» Task item: Could you repeat the records below exactly as written?

### Records to process ###

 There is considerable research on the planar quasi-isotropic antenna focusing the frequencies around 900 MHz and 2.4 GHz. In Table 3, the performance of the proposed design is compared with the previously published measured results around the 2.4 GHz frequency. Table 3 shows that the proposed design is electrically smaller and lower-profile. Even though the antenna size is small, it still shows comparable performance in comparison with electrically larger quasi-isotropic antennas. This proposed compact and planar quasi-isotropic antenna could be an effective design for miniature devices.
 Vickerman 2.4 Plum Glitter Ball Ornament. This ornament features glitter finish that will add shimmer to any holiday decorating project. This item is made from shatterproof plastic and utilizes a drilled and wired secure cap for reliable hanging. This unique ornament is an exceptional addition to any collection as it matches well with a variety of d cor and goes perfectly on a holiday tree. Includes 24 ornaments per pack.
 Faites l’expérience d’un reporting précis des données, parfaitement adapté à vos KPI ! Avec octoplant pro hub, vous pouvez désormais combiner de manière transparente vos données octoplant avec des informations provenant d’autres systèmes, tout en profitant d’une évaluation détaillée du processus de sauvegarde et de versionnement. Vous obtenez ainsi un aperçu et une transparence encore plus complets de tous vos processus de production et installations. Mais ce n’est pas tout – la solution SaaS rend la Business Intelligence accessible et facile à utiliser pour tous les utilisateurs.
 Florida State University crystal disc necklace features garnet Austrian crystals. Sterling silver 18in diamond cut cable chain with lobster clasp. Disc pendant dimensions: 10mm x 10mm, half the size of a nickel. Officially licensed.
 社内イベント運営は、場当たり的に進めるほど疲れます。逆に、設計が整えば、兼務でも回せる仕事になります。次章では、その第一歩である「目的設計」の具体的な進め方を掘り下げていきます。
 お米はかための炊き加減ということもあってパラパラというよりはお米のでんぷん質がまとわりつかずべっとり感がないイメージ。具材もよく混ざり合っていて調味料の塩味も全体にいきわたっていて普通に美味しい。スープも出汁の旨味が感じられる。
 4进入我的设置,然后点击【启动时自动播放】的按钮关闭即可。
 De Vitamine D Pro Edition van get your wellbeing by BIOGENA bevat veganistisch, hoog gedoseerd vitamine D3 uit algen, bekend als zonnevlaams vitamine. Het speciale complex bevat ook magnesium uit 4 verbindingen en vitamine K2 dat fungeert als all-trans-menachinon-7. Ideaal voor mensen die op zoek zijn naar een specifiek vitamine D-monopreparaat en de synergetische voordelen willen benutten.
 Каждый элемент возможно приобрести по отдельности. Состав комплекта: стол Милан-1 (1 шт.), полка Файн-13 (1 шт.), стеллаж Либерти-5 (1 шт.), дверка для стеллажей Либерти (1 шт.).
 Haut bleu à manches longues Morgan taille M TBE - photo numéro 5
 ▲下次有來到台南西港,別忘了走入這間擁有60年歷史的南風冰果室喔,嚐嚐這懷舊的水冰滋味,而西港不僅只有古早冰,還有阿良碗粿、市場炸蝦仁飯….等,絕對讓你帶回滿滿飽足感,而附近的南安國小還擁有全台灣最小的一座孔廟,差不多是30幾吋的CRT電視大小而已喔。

###

» Solution to the problem:
 There is considerable research on the planar quasi-isotropic antenna focusing the frequencies around 900 MHz and 2.4 GHz. In Table 3, the performance of the proposed design is compared with the previously published measured results around the 2.4 GHz frequency. Table 3 shows that the proposed design is electrically smaller and lower-profile. Even though the antenna size is small, it still shows comparable performance in comparison with electrically larger quasi-isotropic antennas. This proposed compact and planar quasi-isotropic antenna could be an effective design for miniature devices.
 Vickerman 2.4 Plum Glitter Ball Ornament. This ornament features glitter finish that will add shimmer to any holiday decorating project. This item is made from shatterproof plastic and utilizes a drilled and wired secure cap for reliable hanging. This unique ornament is an exceptional addition to any collection as it matches well with a variety of d cor and goes perfectly on a holiday tree. Includes 24 ornaments per pack.
 Faites l’expérience d’un reporting précis des données, parfaitement adapté à vos KPI ! Avec octoplant pro hub, vous pouvez désormais combiner de manière transparente vos données octoplant avec des informations provenant d’autres systèmes, tout en profitant d’une évaluation détaillée du processus de sauvegarde et de versionnement. Vous obtenez ainsi un aperçu et une transparence encore plus complets de tous vos processus de production et installations. Mais ce n’est pas tout – la solution SaaS rend la Business Intelligence accessible et facile à utiliser pour tous les utilisateurs.
 Florida State University crystal disc necklace features garnet Austrian crystals. Sterling silver 18in diamond cut cable chain with lobster clasp. Disc pendant dimensions: 10mm x 10mm, half the size of a nickel. Officially licensed.
 社内イベント運営は、場当たり的に進めるほど疲れます。逆に、設計が整えば、兼務でも回せる仕事になります。次章では、その第一歩である「目的設計」の具体的な進め方を掘り下げていきます。
 お米はかための炊き加減ということもあってパラパラというよりはお米のでんぷん質がまとわりつかずべっとり感がないイメージ。具材もよく混ざり合っていて調味料の塩味も全体にいきわたっていて普通に美味しい。スープも出汁の旨味が感じられる。
 4进入我的设置,然后点击【启动时自动播放】的按钮关闭即可。
 De Vitamine D Pro Edition van get your wellbeing by BIOGENA bevat veganistisch, hoog gedoseerd vitamine D3 uit algen, bekend als zonnevlaams vitamine. Het speciale complex bevat ook magnesium uit 4 verbindingen en vitamine K2 dat fungeert als all-trans-menachinon-7. Ideaal voor mensen die op zoek zijn naar een specifiek vitamine D-monopreparaat en de synergetische voordelen willen benutten.
 Каждый элемент возможно приобрести по отдельности. Состав комплекта: стол Милан-1 (1 шт.), полка Файн-13 (1 шт.), стеллаж Либерти-5 (1 шт.), дверка для стеллажей Либерти (1 шт.).
 Haut bleu à manches longues Morgan taille M TBE - photo numéro 5
 ▲下次有來到台南西港,別忘了走入這間擁有60年歷史的南風冰果室喔,嚐嚐這懷舊的水冰滋味,而西港不僅只有古早冰,還有阿良碗粿、市場炸蝦仁飯….等,絕對讓你帶回滿滿飽足感,而附近的南安國小還擁有全台灣最小的一座孔廟,差不多是30幾吋的CRT電視大小而已喔。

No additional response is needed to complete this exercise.